» PROMPT
Copy the lines below exactly, starting at the one with "Joven mujer, de" and ending at the one with "Long-sleeved dress with", and leave out any picture.

» DATA SECTION
#####

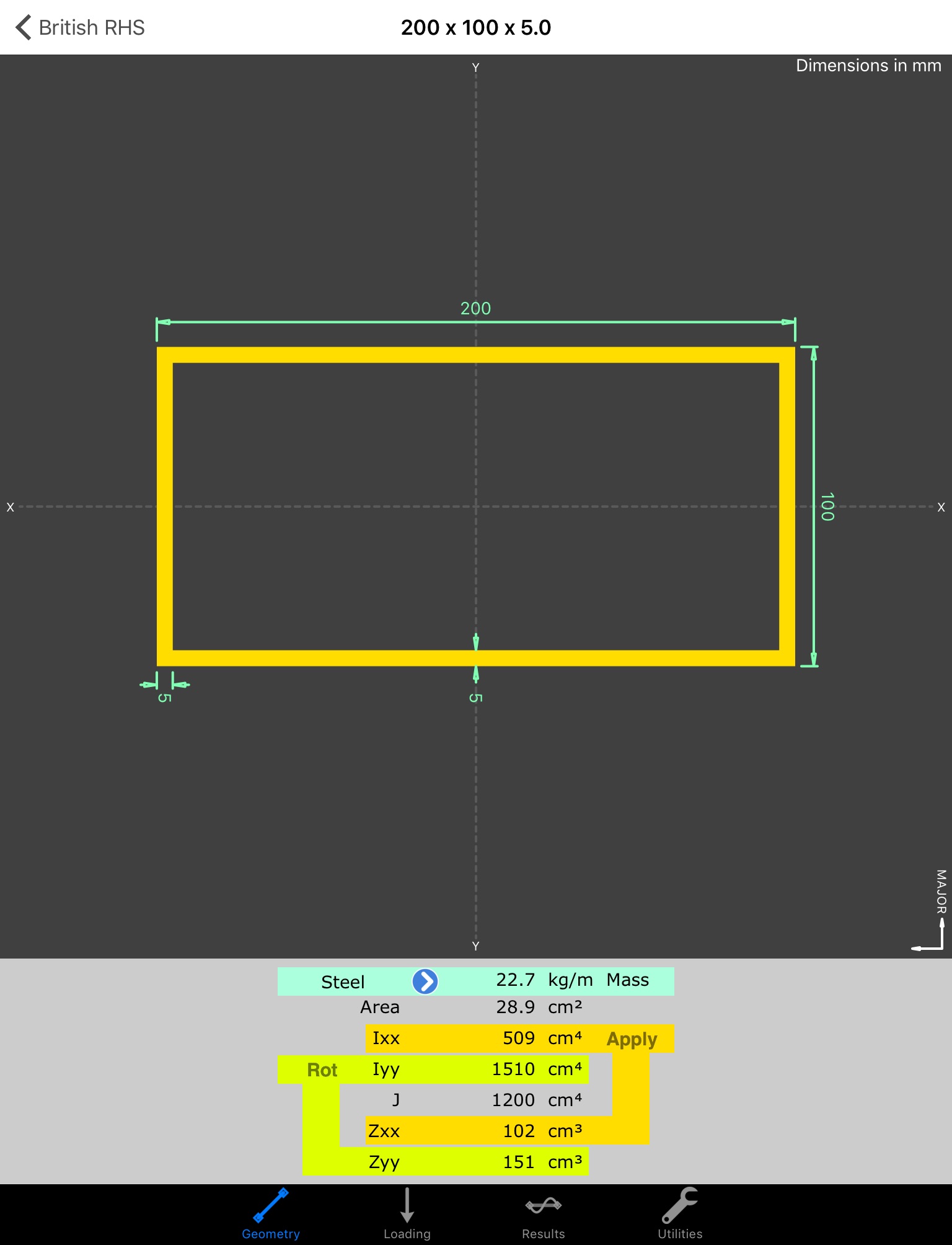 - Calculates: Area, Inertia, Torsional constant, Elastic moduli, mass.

#####

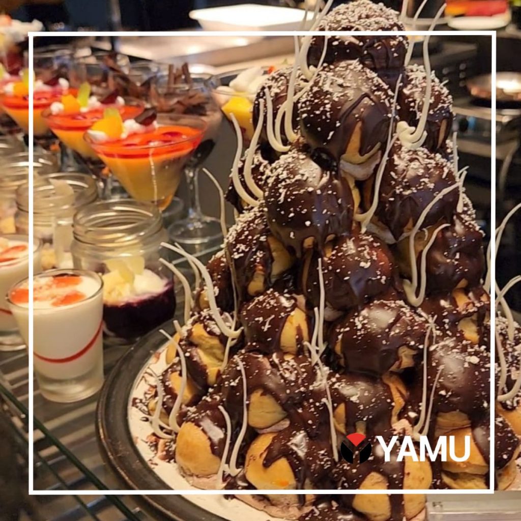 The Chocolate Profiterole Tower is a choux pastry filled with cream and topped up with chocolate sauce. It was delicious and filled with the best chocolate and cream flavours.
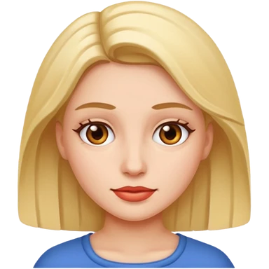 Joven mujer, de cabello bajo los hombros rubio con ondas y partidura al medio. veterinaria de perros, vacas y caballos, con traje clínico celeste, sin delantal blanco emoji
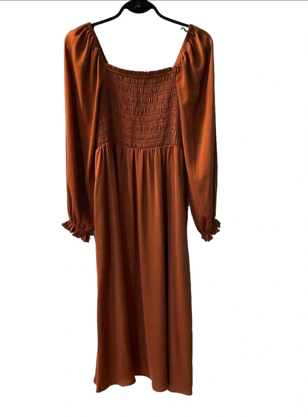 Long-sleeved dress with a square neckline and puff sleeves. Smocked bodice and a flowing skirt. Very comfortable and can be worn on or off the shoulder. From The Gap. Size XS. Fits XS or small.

#####

» OUTPUT FOR THIS TASK
 Joven mujer, de cabello bajo los hombros rubio con ondas y partidura al medio. veterinaria de perros, vacas y caballos, con traje clínico celeste, sin delantal blanco emoji
 Long-sleeved dress with a square neckline and puff sleeves. Smocked bodice and a flowing skirt. Very comfortable and can be worn on or off the shoulder. From The Gap. Size XS. Fits XS or small.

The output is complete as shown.